After that, we chose to teach a classifier the characteristics of points that are the inner eye corner and nose tip because they are reliably detected. Histograms of low-level features were used to train a Support Vector Machine (SVM) classifier [8] to learn these three points on the 3D surface mesh. We used the SVM implemented in WEKA for our experiments [9]. The training data for supervised learning for the classifiers was obtained by manually marking eye and nose points on the surface of each training object. The histogram of low-level features of each of the marked points was saved and used for the training.

A small training set, consisting of 40 head meshes was used to train the classifier to learn the characteristics of the eye or nose points in terms of the histograms of their low-level features. After training is complete, the classifier is able to label each of the points of any 3D object as either inner eye corner or nose or neither and provides a confidence score for its decision. A threshold T is applied to the confidence scores for the inner eye conner or nose tip. In our experiments, we used T = 0.98 to keep only the points with high confidence scores from the classifiers.

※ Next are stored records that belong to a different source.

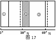 图17为某日“北半球部分气压带、风带分布示意图”,其中①、②、③分别代表气压带或风带。读图完成35-37题。
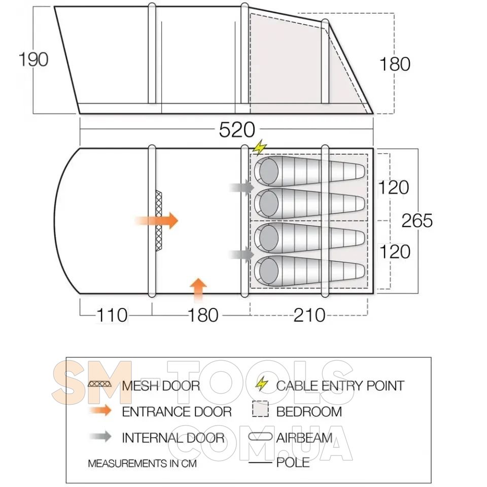 - King Pole Side Door Compatible - встроенные люверсы позволяют использовать специальные телескопические стойки King Poles (не поставляются в комплекте) в виде опор для создания навеса от солнца над входом.
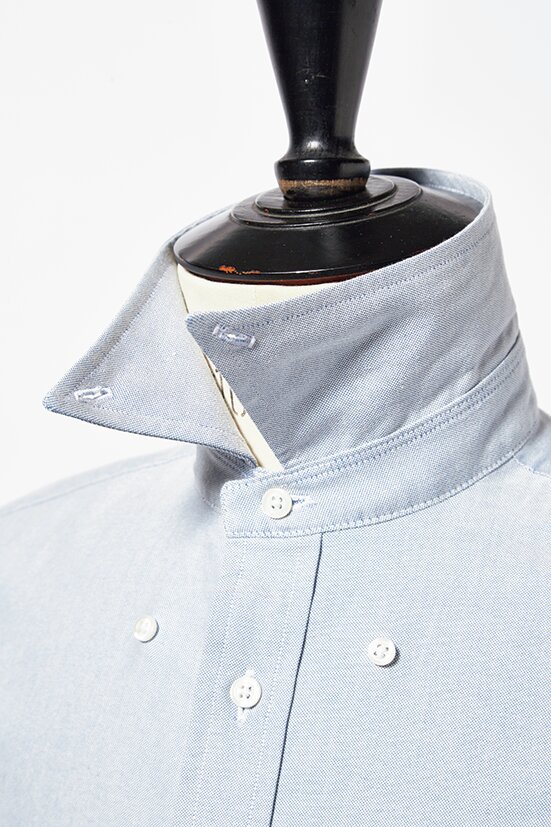 ボタンダウンシャツと言えば、こちら。前端を折り返した帯状のデザインが特徴。

Although the classifiers for eye and nose were very powerful, there were still false positive regions in the predicted results. We developed a systematic way to find the eye-nose-eye triangle area. First, the candidate points from both classifiers are grouped to form regions. Second, small regions (< 50 points) are removed. Third, a pair of eye regions that have a similar number of points, along with a nose region that lies almost equidistant from those two eye regions are picked. Last, some geometric thresholds are used to rule out regions that are too small or too big.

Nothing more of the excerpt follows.